# YOUR ASSIGNMENT:
Retype the material below exactly, from its first line through the line with "IKEA BAGGEBO Corp"; the pictures stay out.

# SOURCE INFORMATION:
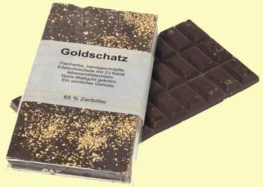 | Goldschatz | Edelschokolade mit eßbarem 23 Karat Blattgold |
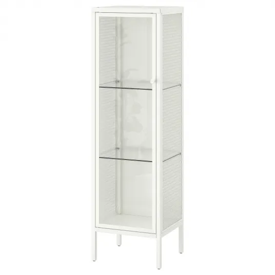 IKEA BAGGEBO Corp are un design minimalist care se imbina perfect cu orice stil de decor. Masoara 34x30x116 cm, facandu-l perfect pentru spatii mici. Cadrul si picioarele metalice au un finisaj alb impecabil, in timp ce usile sunt din sticla calita, ceea ce ii confera un aspect sofisticat.
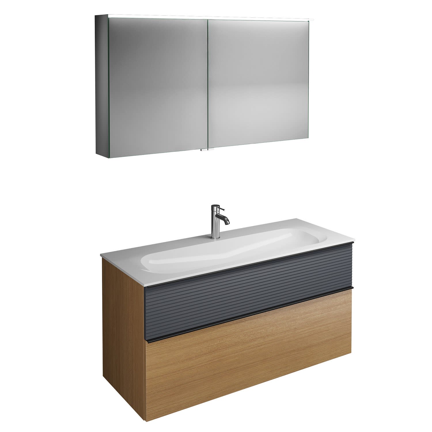 burgbad Fiumo Badmöbel-Set 122 cm mit Waschtisch mit 1 Hahnloch und Unterschrank mit Griff G0200 sowie mit Spiegelschrank
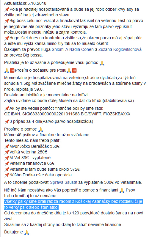 Už dlhšiu dobu sledujem na Facebooku, že množstvo psíkov, o ktoré sa starajú dobrovoľníci, sú vlastne psíkovia odchytený asanačnou službou (zmluvný partner mesta Košice), ktoré boli odchytené a umiestnené v zariadení odchytovej/asanačnej služby, z ktorého ich dobrovoľníčky po niekoľkých dňoch vezmú často v horšom stave, v akom boli pri odchytené.
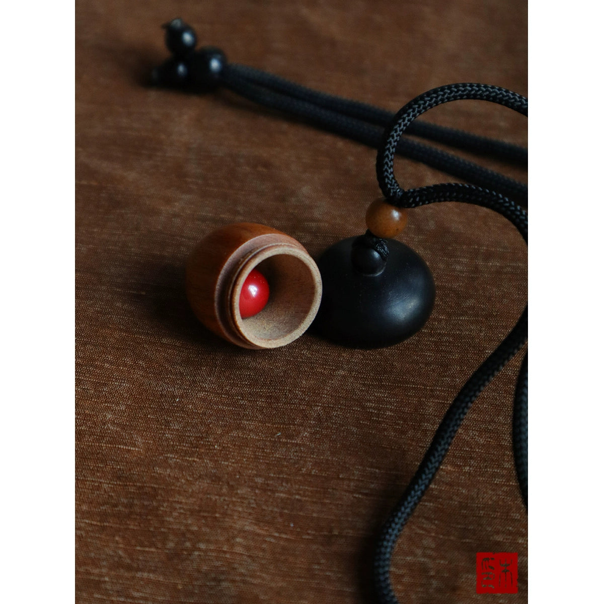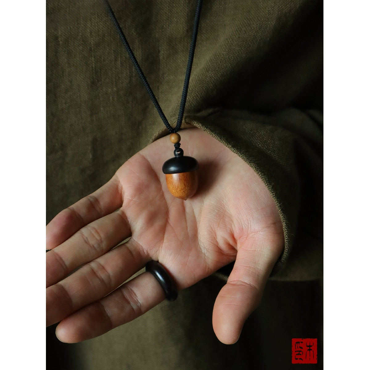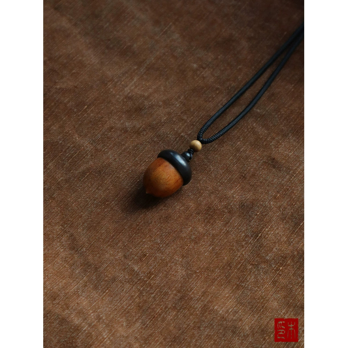 • "loose rain light" solid wood pine cone pendant Laoshan sandalwood with beads built-in cinnabar acorn sweater chain gift

# WORKED SOLUTION:
 | Goldschatz | Edelschokolade mit eßbarem 23 Karat Blattgold |
 IKEA BAGGEBO Corp are un design minimalist care se imbina perfect cu orice stil de decor. Masoara 34x30x116 cm, facandu-l perfect pentru spatii mici. Cadrul si picioarele metalice au un finisaj alb impecabil, in timp ce usile sunt din sticla calita, ceea ce ii confera un aspect sofisticat.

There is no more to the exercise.